◆ **TASK**
Every line of the records below that has the word "para" should be copied.

————————

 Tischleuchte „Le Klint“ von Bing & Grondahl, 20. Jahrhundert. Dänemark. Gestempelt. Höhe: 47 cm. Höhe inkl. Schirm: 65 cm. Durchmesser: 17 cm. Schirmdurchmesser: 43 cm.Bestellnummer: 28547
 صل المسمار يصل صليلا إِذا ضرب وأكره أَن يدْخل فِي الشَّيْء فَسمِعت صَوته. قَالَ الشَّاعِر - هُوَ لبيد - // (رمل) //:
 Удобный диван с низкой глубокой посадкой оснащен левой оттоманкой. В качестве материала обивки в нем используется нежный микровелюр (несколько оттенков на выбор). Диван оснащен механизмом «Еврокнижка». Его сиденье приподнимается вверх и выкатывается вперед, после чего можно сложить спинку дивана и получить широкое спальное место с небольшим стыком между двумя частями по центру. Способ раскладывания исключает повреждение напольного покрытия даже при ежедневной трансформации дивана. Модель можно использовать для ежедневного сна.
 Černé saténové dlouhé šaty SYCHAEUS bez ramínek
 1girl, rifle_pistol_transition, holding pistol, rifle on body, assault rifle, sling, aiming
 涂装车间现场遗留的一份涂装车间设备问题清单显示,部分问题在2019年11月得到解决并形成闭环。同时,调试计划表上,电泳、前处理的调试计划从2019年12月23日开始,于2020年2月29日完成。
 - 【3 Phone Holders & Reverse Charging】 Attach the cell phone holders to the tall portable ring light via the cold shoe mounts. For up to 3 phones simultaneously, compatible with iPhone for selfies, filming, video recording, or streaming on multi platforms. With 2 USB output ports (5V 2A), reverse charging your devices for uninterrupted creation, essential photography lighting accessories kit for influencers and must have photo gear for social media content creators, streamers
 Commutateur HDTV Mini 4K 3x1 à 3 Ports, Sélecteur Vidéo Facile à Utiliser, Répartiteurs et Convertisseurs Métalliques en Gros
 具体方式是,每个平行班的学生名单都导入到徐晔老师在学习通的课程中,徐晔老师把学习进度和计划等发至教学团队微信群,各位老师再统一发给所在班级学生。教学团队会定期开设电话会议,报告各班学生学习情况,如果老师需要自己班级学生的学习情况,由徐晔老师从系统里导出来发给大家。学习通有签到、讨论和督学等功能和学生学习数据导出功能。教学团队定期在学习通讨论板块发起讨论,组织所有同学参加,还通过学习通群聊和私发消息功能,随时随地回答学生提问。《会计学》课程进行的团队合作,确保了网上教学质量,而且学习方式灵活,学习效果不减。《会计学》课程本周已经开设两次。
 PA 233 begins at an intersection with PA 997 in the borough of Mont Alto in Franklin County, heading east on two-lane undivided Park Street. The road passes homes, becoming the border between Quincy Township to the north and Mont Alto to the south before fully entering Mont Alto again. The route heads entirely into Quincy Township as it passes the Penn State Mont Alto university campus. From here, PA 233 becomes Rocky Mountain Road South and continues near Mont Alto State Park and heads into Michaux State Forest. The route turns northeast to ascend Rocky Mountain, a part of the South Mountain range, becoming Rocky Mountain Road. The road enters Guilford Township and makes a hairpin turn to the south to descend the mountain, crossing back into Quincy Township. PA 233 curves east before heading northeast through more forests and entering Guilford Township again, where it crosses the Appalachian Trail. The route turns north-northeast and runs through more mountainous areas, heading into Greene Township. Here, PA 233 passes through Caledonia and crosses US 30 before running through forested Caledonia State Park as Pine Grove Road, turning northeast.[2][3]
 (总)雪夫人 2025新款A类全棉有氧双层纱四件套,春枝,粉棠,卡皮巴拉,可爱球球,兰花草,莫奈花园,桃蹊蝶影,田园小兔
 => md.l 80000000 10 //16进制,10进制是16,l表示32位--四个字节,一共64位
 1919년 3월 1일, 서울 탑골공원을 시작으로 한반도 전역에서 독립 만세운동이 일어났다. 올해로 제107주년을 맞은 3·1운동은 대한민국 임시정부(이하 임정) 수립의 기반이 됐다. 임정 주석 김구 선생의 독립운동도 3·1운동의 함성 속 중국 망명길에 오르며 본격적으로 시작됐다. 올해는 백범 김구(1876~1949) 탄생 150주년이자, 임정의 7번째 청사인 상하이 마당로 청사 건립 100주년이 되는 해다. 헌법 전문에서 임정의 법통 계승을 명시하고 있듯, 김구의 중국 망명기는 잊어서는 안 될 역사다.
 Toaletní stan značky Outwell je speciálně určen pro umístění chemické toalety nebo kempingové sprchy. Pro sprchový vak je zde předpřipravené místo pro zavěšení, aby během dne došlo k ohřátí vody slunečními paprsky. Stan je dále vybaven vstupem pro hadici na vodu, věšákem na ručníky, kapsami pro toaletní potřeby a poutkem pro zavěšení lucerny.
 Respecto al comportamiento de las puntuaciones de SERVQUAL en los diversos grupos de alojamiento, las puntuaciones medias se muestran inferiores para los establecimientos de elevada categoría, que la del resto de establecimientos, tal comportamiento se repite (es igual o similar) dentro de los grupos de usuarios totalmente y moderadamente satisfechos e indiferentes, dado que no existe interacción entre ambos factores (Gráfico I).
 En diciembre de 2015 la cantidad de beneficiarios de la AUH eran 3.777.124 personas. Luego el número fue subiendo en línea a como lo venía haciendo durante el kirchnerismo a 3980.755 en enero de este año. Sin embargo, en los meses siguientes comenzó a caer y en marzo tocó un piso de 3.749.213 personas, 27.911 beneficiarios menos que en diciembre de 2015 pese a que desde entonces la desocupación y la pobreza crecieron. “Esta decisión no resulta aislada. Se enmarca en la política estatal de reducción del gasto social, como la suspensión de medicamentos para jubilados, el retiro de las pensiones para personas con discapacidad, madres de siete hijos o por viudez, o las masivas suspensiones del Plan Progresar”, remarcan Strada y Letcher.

————————

◆ **EXERCISE SOLUTION**
 Respecto al comportamiento de las puntuaciones de SERVQUAL en los diversos grupos de alojamiento, las puntuaciones medias se muestran inferiores para los establecimientos de elevada categoría, que la del resto de establecimientos, tal comportamiento se repite (es igual o similar) dentro de los grupos de usuarios totalmente y moderadamente satisfechos e indiferentes, dado que no existe interacción entre ambos factores (Gráfico I).
 En diciembre de 2015 la cantidad de beneficiarios de la AUH eran 3.777.124 personas. Luego el número fue subiendo en línea a como lo venía haciendo durante el kirchnerismo a 3980.755 en enero de este año. Sin embargo, en los meses siguientes comenzó a caer y en marzo tocó un piso de 3.749.213 personas, 27.911 beneficiarios menos que en diciembre de 2015 pese a que desde entonces la desocupación y la pobreza crecieron. “Esta decisión no resulta aislada. Se enmarca en la política estatal de reducción del gasto social, como la suspensión de medicamentos para jubilados, el retiro de las pensiones para personas con discapacidad, madres de siete hijos o por viudez, o las masivas suspensiones del Plan Progresar”, remarcan Strada y Letcher.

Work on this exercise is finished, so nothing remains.